**** Material for this exercise

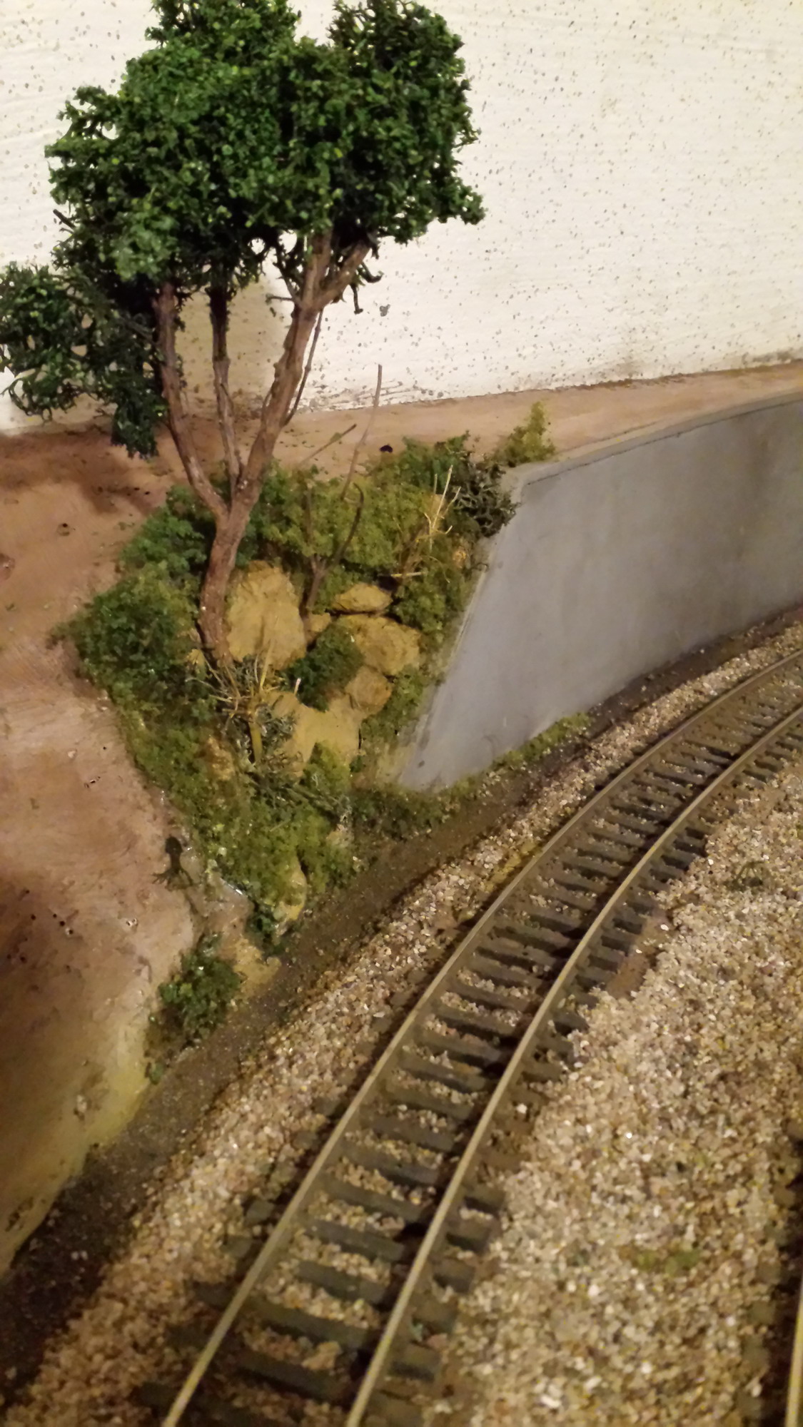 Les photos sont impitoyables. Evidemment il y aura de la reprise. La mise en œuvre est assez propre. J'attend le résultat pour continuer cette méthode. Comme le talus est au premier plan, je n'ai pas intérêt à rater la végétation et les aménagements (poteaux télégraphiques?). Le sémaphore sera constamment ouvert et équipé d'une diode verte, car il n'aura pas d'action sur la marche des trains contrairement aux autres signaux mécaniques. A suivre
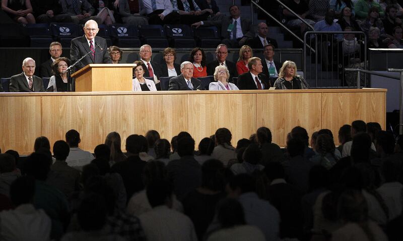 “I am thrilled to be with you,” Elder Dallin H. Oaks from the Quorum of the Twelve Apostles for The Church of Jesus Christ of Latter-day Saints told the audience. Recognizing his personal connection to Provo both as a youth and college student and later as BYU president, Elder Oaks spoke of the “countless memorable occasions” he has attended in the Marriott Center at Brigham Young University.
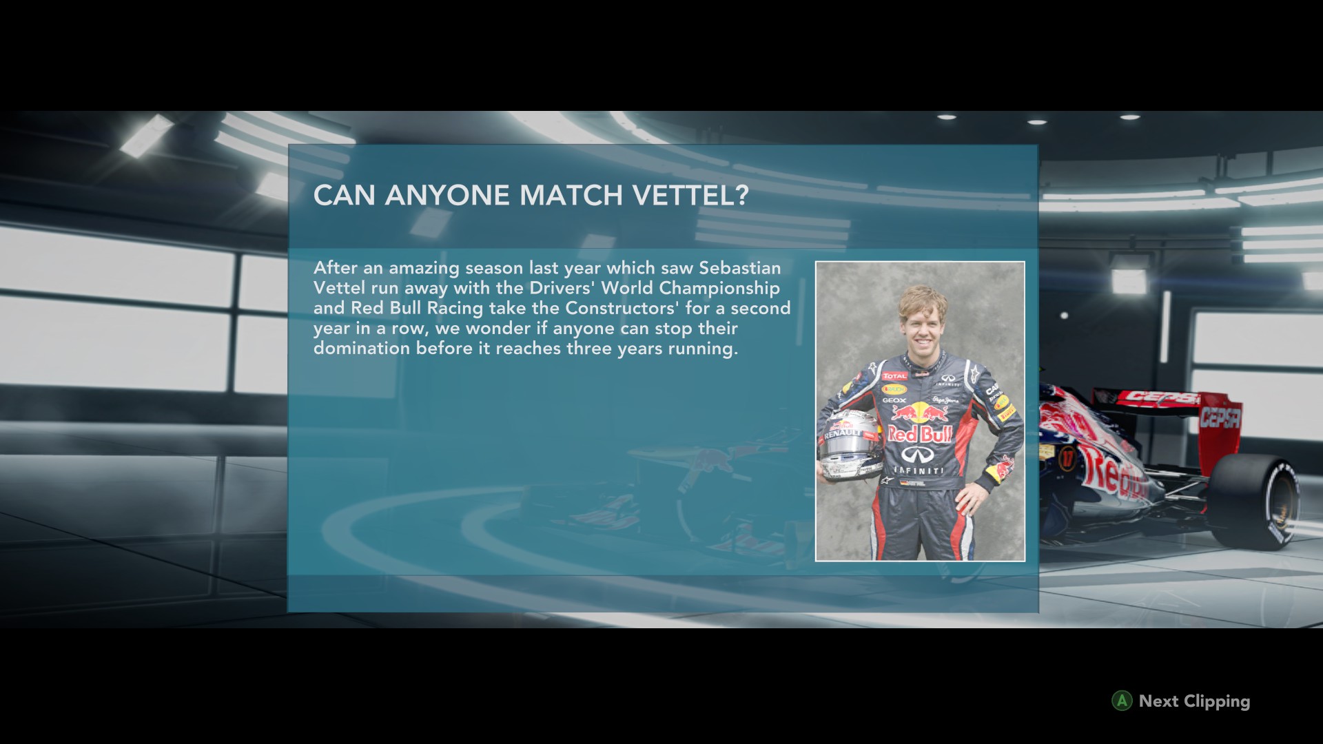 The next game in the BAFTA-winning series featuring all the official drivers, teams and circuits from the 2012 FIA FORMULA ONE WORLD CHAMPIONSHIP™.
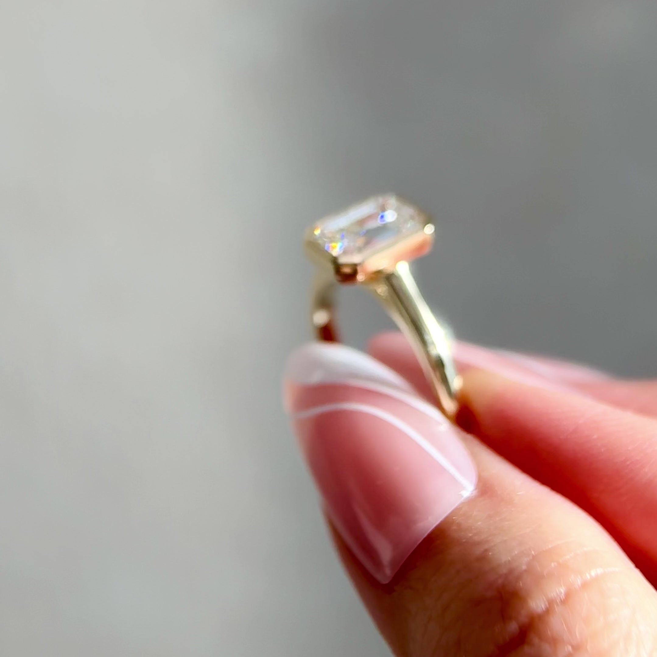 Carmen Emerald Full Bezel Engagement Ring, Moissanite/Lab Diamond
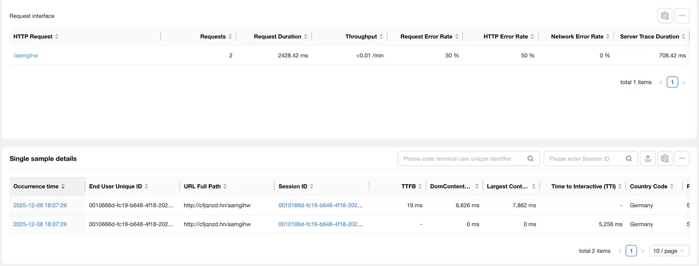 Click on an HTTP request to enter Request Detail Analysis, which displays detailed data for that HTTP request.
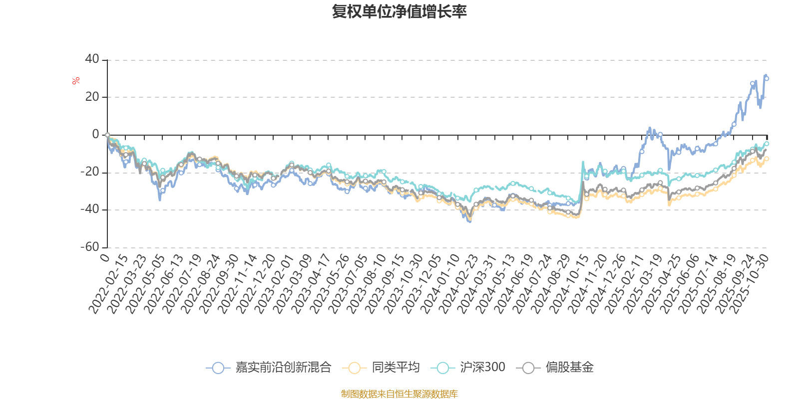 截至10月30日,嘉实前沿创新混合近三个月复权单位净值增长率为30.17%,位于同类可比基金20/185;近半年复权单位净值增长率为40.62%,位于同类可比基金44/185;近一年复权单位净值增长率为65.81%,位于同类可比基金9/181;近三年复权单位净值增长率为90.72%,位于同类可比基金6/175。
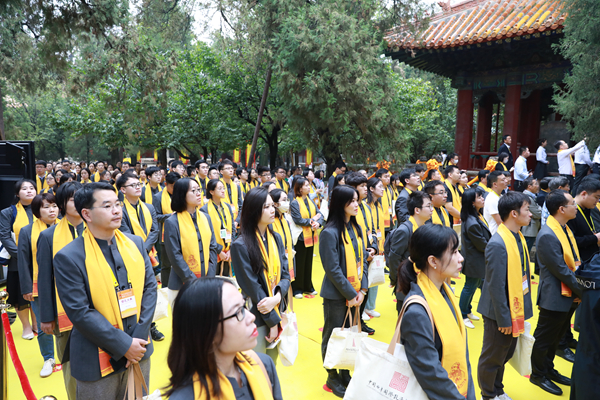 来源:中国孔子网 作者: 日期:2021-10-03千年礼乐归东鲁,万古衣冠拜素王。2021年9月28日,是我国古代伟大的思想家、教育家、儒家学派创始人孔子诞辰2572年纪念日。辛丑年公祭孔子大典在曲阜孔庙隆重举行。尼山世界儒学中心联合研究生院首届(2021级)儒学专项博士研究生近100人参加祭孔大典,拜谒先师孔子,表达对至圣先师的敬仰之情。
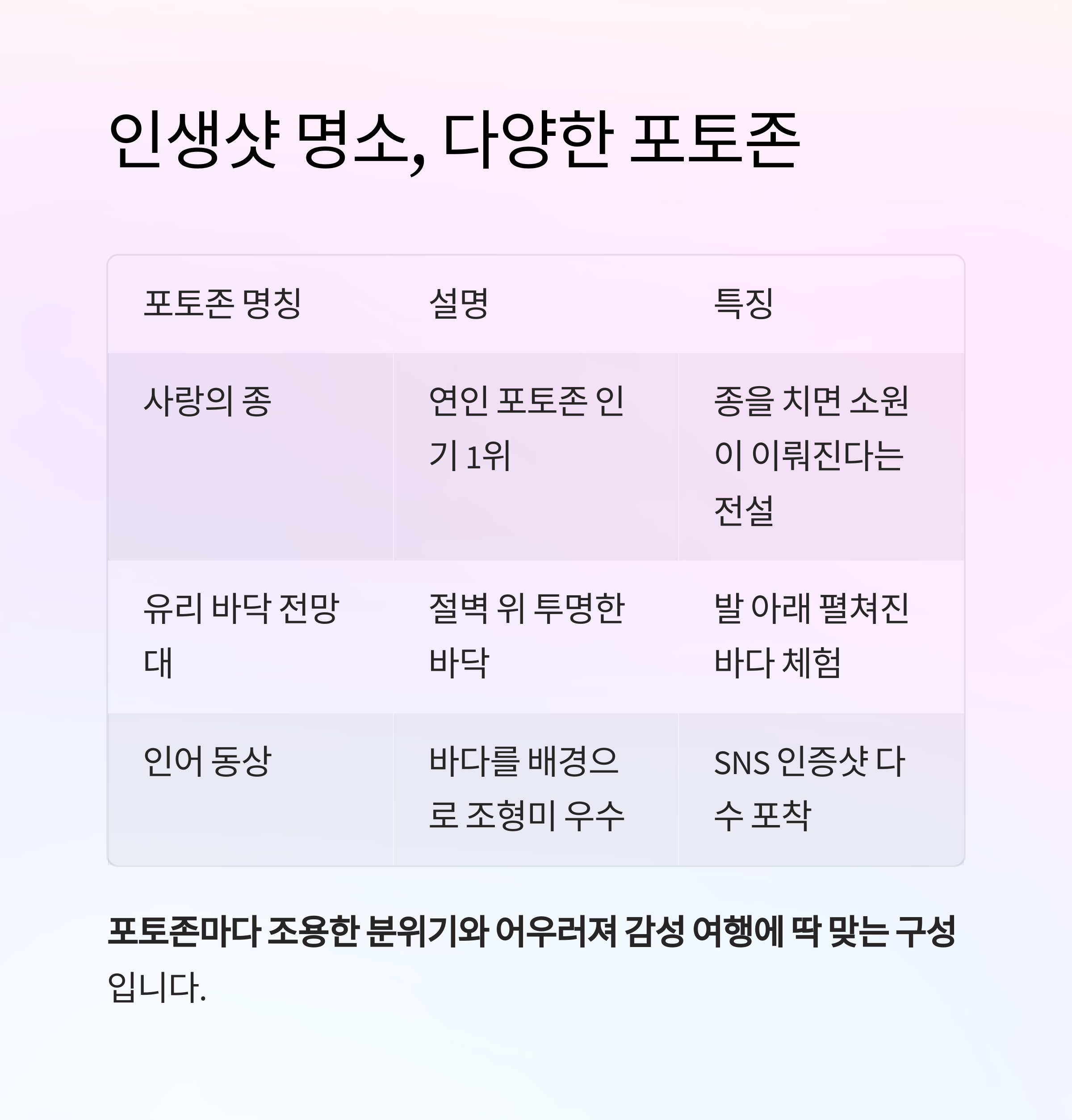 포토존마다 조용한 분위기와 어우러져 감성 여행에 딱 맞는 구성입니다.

********

Work to complete:
Everything in the entries except the images must be copied exactly.

Task solution:
 Les photos sont impitoyables. Evidemment il y aura de la reprise. La mise en œuvre est assez propre. J'attend le résultat pour continuer cette méthode. Comme le talus est au premier plan, je n'ai pas intérêt à rater la végétation et les aménagements (poteaux télégraphiques?). Le sémaphore sera constamment ouvert et équipé d'une diode verte, car il n'aura pas d'action sur la marche des trains contrairement aux autres signaux mécaniques. A suivre
 “I am thrilled to be with you,” Elder Dallin H. Oaks from the Quorum of the Twelve Apostles for The Church of Jesus Christ of Latter-day Saints told the audience. Recognizing his personal connection to Provo both as a youth and college student and later as BYU president, Elder Oaks spoke of the “countless memorable occasions” he has attended in the Marriott Center at Brigham Young University.
 The next game in the BAFTA-winning series featuring all the official drivers, teams and circuits from the 2012 FIA FORMULA ONE WORLD CHAMPIONSHIP™.
 Carmen Emerald Full Bezel Engagement Ring, Moissanite/Lab Diamond
 Click on an HTTP request to enter Request Detail Analysis, which displays detailed data for that HTTP request.
 截至10月30日,嘉实前沿创新混合近三个月复权单位净值增长率为30.17%,位于同类可比基金20/185;近半年复权单位净值增长率为40.62%,位于同类可比基金44/185;近一年复权单位净值增长率为65.81%,位于同类可比基金9/181;近三年复权单位净值增长率为90.72%,位于同类可比基金6/175。
 来源:中国孔子网 作者: 日期:2021-10-03千年礼乐归东鲁,万古衣冠拜素王。2021年9月28日,是我国古代伟大的思想家、教育家、儒家学派创始人孔子诞辰2572年纪念日。辛丑年公祭孔子大典在曲阜孔庙隆重举行。尼山世界儒学中心联合研究生院首届(2021级)儒学专项博士研究生近100人参加祭孔大典,拜谒先师孔子,表达对至圣先师的敬仰之情。
 포토존마다 조용한 분위기와 어우러져 감성 여행에 딱 맞는 구성입니다.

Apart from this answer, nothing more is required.